A recent study in Malaysia suggested that agricultural landscapes might be prime habitats for elephants (de la Torre et al., 2021), while studies in Indonesia and Borneo document the propensity of elephants to exploit “degraded” areas associated with forest edges, often outside PAs (Rood et al., 2010; Evans et al., 2020). Although primary forests are often prioritized for biodiversity conservation (Morales-Hidalgo et al., 2015), elephants may prefer to forage in secondary and regenerating landscapes. But we must be extremely careful in interpreting and generalizing from these studies. First, PAs globally are biased towards steeper, higher terrain (Joppa & Pfaff, 2009). In Southeast Asia, PAs often contain of steep slopes, boxing in elephants when lowland valleys are rapidly converted to other land uses (Wilson et al., 2021). Use of “edge” habitat and agricultural areas may reflect the lack of adequate, low-risk, preferred lowland habitat.

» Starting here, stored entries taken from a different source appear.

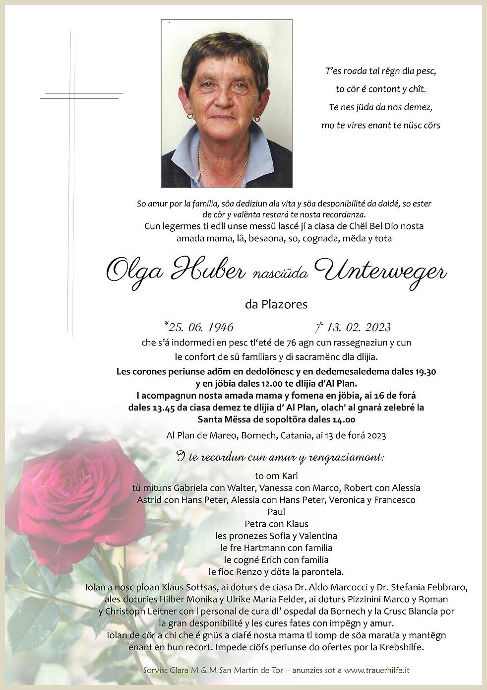 Nach einem erfüllten Leben in fürsorglicher Liebe für die Familie, ist sie nach Empfang der Sakramente der Kirche im Kreise ihrer Lieben, im Alter von 76 Jahren sanft in Gottes Händen entschlafen.
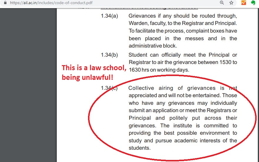 Shockingly, AIL Mohali’s ‘Code of Conduct‘ for students prevents ‘collective airing of grievances’, which violates the fundament right of speech and expression and to form associations or Unions.
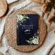 A must have when planning your wedding. Navy blue, textured background with a speckled rose gold splatter layer. Two beautiful antique, shabby chic, white rose bouquets in corners, one upper left and one lower right. This trendy design has a rustic, boho chic vibe.
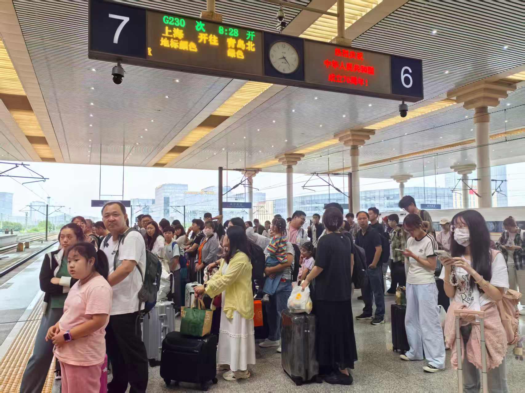 国庆中秋假期,江苏铁路多措并举,以优质的服务、贴心的举措护航旅客出行。省内各大车站针对性制定大客流旅客安全卡控措施,增派人员力量重点盯控旅客乘降组织和站台候车安全;“苏小铁”青年志愿服务团队深入服务台、进站口等关键岗位,加强旅客宣传引导,提供重点旅客服务;南京南、徐州东等站加强公共交通接驳组织,协调地方交通部门,根据客流情况加密地铁和公交接驳班次、延长运营时间,提升旅客疏解能力。
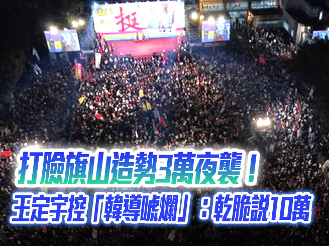 國民黨高雄市長候選人韓國瑜8日挺進大旗山地區,於美濃的高美醫專操場造勢,據主辦單位表示,現場吸引破3萬人到場支持。不過,民進黨立委王定宇分享臉書粉專「只是堵藍」的照片,指3日陳其邁勞工之夜造勢活動共2萬人參加,該地面積21840平方公尺,而高美醫專面積才7368公尺,韓國瑜竟稱超過3萬人,「要膨風乾脆說已經擠進十萬人啦」。
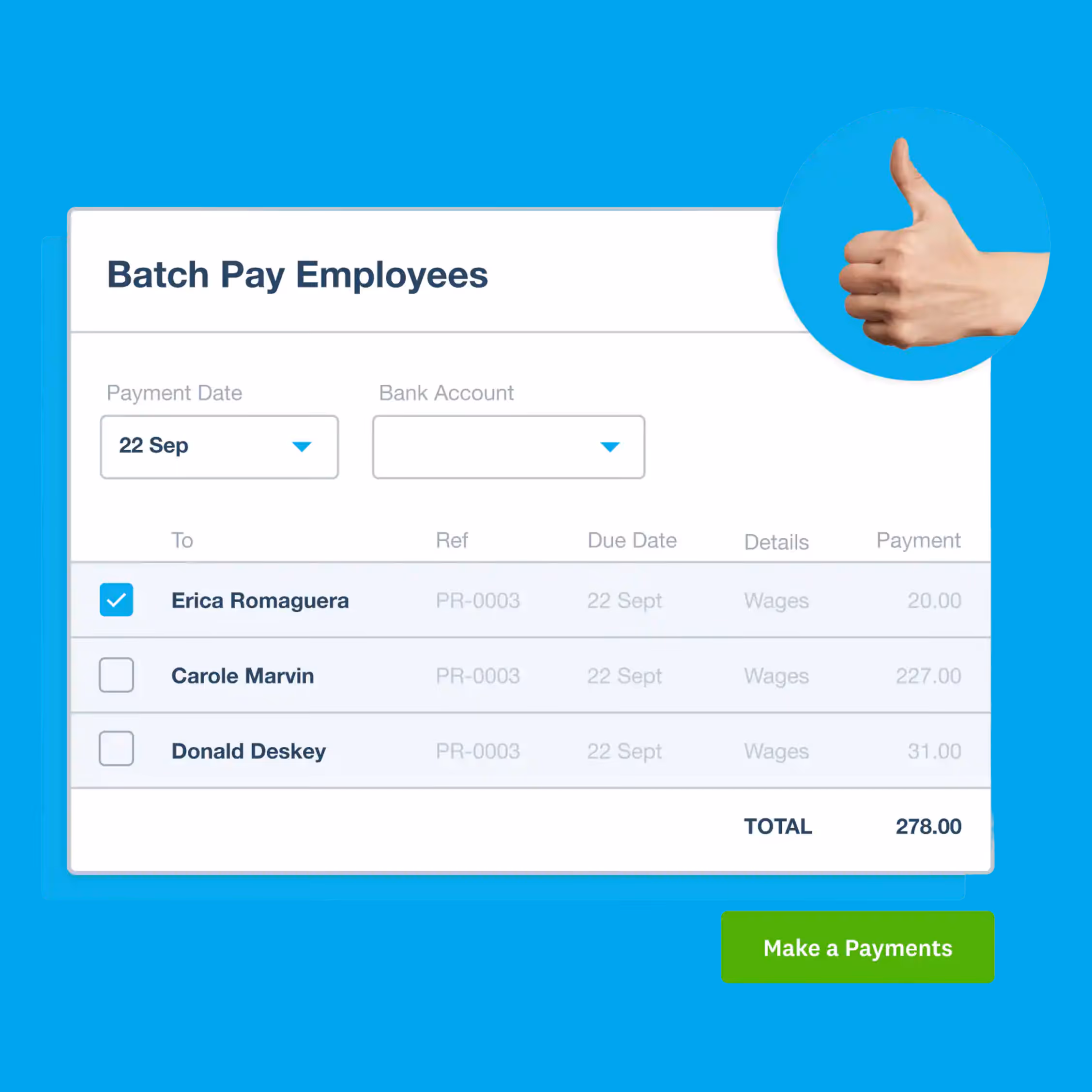 Keep basic pay records online, complete pay runs for a small number of employees using Xero, and run payroll reports.
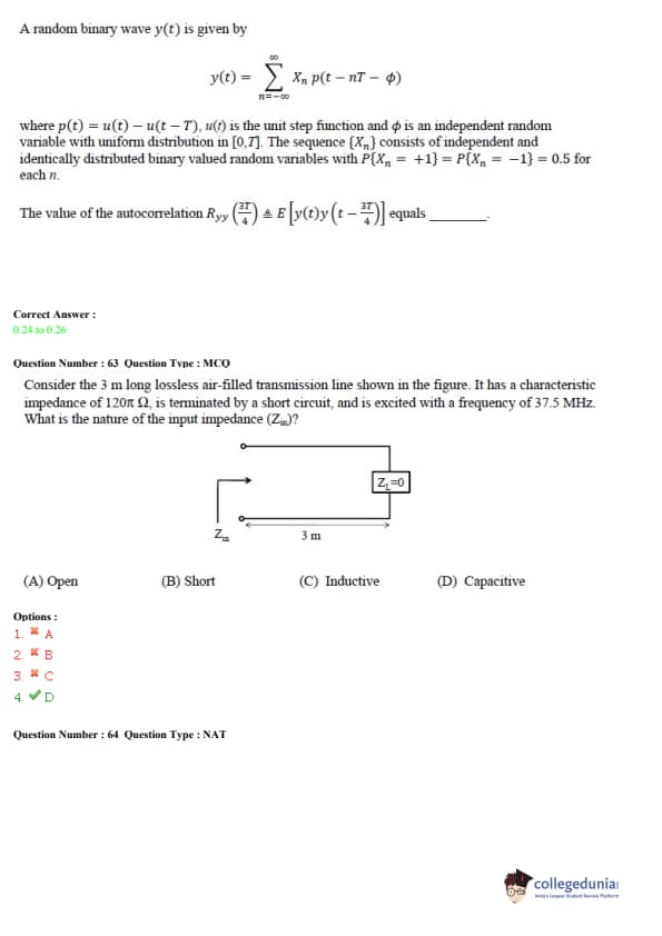 GATE 2015 EC Question Paper with Answer Key PDFs Slot 3 – Feb 01, 2015 (Forenoon Session)

Much forest already been lost throughout Asia through conversion to intensive agriculture, contrasting with pre-colonial systems of management (Ellis et al., 2021). Thus many populations remaining today may have no choice but to use human-dominated landscapes, despite associated risks and costs (Goswami et al., 2014; de Silva & Leimgruber, 2019).
Many PAs in South Asia run counter to the trend, being frequently located around rivers and other water bodies, largely to protect their catchment zones, but also seasonally host significant populations of elephants and other wildlife. Their attraction to these PAs likely has to do with the presence of both water and monsoon-mediated forage (e.g. floodplains). Our observation that a substantial fraction of the population is non-residential reiterates the importance of permeability between PAs and wider landscapes. Individual-based studies of how other wildlife actually use PAs as well as in human-dominated landscapes (Kumar et al., 2010; Srinivasaiah et al., 2019), though logistically daunting, would further illuminate how strategies vary in response to anthropogenic changes.